The First Layer of AI: Machine Learning
The most common subdiscipline of narrow AI is machine learning (ML). This discipline uses data to make informed decisions or predictions on an outcome or pattern. There are two main forms of machine learning: supervised and unsupervised.
A predictive algorithm is an example of supervised learning, where a computer takes a set of input data often labeled as X, and uses it to predict a respective output y for each data point in X. The sample data is often split into a training set used to educate the model, and a test set used to determine how accurately the model can predict y for a set of X inputs.
A classification algorithm is an example of the latter unsupervised model. Input data X is presented to the algorithm with no known labels y. The algorithm must evaluate the input data X and identify patterns in the data set. A good example of unsupervised learning is image classification.
Figure 2. A supervised learning model splits a dataset into training and test data. Generally, large amounts of training data are required for accurate models, although techniques such as transfer learning are changing this. Image used courtesy of v7
The Second Layer of AI: Deep Learning
Peeling back the ML onion to another layer, we’ll find deep learning. Deep learning is a subdiscipline of machine learning. It requires less human “tuning” for accuracy and is more capable of improving its accuracy over time autonomously. It does so through the use of artificial neural networks (ANN).
Figure 3. A representation of the layers within an ANN. Image used courtesy of IBM
Classifying Generative AI
Generative AI started out as a form of unsupervised learning within the machine learning layer. At a surface level, these models generate a unique or novel response similar in context to the training input. These models do not require deep learning. However, the benefits of artificial neural networks used in deep learning made generative AI much more capable. The combination of the two yielded highly capable large language models leveraged by platforms such as ChatGPT.
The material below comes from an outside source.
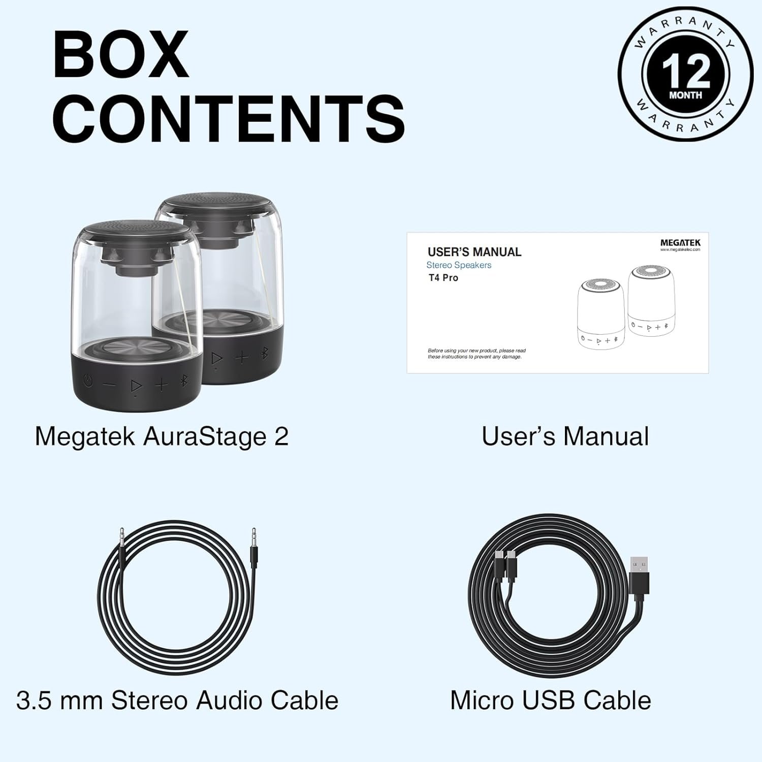 Megatek AuraStage 2 – dual portable Bluetooth speakers are a perfect combination of unparalleled quality sound with immersive wireless stereo soundstage, thanks to its featured TWS technology, and visually stunning LED light show.
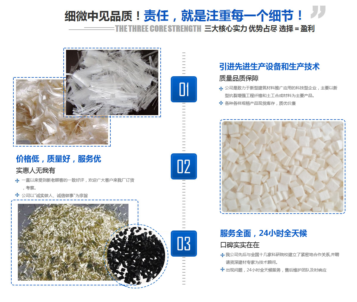 以新型抗裂增強工程纖維和土工合成材料為主要產(chǎn)品

Benefits of Generative AI in Manufacturing
Now that we’ve dredged through explaining what generative AI is, let’s look at some use cases where it can provide value. Given that it ingests unlabeled datasets, these generative models can serve a variety of purposes in manufacturing. A notable area that control.com has touched upon before is predictive maintenance. Predicting and proactively resolving future failures from occurring is bound to improve the OEE of plant assets.
Another area of value in the realm of quality control is defect detection. Identifying defective components via image capture before assembly is likely to reduce costs associated with rejects and improve operational efficiency.
Generative AI can be applied to find patterns in demand, capacity, and production planning. Given a large dataset on customer buying patterns, a generative model might suggest ways to predict consumer demand and help decide which products they should make more of to meet it.
Figure 4. An example of a defect detection model being used in the automotive industry. Image used courtesy of Qualitas
A final example of generative AI is an iteration-based model for computer-aided design (CAD) programs. Fixed project parameters are defined, while other parameters are adjusted to optimize material usage and weight while maintaining strength along particular vectors and the center-of-mass location.
AI in Manufacturing
The capabilities and recent growth of artificial intelligence are exciting. The technology will undoubtedly drive many technological advancements in the coming decade, and provide value to society. I’m looking forward to seeing how generative models are adopted in manufacturing settings.